- Specialty: Surgical oncology

= Microdochectomy =

Surgical removal of a lactiferous duct

Microdochectomy is the surgical removal (excision) of a lactiferous duct. A mere incision of a mammary duct (without excision) is called microdochotomy.

==Indication==
Microdochectomy is a standard treatment of in case there is nipple discharge which stems from a single duct. There are preliminary indications that if ductoscopy and close follow-up are performed, in some cases microdochectomy may not be necessary despite bloody nipple discharge.

Duct excision may also be indicated for the treatment of recurrent breast abscess and mastitis; in this case however the total removal of all ducts from behind the nipple has been recommended to avoid further recurrence.

Galactography may be used to investigate the condition of the mammary duct system before the intervention. Pre-operatively, also breast ultrasound and mammogram are performed to rule out other abnormalities of the breast.

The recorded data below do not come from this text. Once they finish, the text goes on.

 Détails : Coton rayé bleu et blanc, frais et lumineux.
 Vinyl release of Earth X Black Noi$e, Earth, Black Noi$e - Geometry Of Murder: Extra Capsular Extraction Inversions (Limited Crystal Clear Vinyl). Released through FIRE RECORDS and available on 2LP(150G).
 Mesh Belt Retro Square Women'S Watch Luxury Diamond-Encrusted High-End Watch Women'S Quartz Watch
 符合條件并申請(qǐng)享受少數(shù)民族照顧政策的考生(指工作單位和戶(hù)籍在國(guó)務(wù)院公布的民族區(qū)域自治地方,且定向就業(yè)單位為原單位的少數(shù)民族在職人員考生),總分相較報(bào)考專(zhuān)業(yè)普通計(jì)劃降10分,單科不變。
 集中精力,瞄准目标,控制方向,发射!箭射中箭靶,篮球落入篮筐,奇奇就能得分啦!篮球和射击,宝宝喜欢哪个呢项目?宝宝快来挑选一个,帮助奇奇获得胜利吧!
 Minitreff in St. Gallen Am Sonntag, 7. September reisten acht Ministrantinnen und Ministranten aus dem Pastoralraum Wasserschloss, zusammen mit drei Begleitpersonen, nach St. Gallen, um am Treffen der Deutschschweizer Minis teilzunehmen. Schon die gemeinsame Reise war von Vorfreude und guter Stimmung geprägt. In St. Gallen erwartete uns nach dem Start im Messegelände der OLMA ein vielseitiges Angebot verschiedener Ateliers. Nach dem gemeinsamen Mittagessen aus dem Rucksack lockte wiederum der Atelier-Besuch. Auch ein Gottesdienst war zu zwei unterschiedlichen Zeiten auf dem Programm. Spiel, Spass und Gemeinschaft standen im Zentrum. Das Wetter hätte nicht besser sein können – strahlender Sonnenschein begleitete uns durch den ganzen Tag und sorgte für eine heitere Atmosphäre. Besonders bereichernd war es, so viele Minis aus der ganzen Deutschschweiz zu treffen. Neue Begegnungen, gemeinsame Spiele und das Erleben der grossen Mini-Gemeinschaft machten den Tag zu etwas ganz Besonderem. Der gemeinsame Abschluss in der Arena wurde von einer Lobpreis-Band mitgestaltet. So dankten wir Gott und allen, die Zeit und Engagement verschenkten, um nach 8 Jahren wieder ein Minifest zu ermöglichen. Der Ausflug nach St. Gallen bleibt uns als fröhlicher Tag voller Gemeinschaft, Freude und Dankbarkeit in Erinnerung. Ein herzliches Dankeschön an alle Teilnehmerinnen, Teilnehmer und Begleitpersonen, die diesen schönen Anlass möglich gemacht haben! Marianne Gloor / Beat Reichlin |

If the condition involves only a single duct, then microdochectomy may be indicated, in particular in women wishing to preserve the ability to breastfeed; if the condition involves from several ducts or if no specific duct could be determined, then a subareolar resection of the ducts (central duct excision, also called Hadfield's procedure) may be indicated instead.

==Procedure==
A radial cut or preferably a circumareolar cut (following the circular line of the areola) is made and a milk duct is removed. The removed duct is normally sent for histologic examination.

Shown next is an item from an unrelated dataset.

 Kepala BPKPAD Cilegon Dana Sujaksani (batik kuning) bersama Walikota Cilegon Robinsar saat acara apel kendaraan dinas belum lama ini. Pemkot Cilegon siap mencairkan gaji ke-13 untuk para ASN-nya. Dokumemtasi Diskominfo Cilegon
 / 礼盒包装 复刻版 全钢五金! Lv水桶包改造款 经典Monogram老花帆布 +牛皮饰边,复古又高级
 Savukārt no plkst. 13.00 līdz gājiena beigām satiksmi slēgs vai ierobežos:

The excision can be directed by ductoscopy.

==Complications==
Possible complications of the procedure include temporary or permanent alteration to the shape, sensation or pigmentation of the nipple, such as a minor change to the contour of the nipple-areola region. Although microdochectomy usually preserves the ability to breastfeed, nonetheless the loss of breastfeeding ability is a known complication. Furthermore, infection or hematoma may occur, and there may be a poor cosmetic result.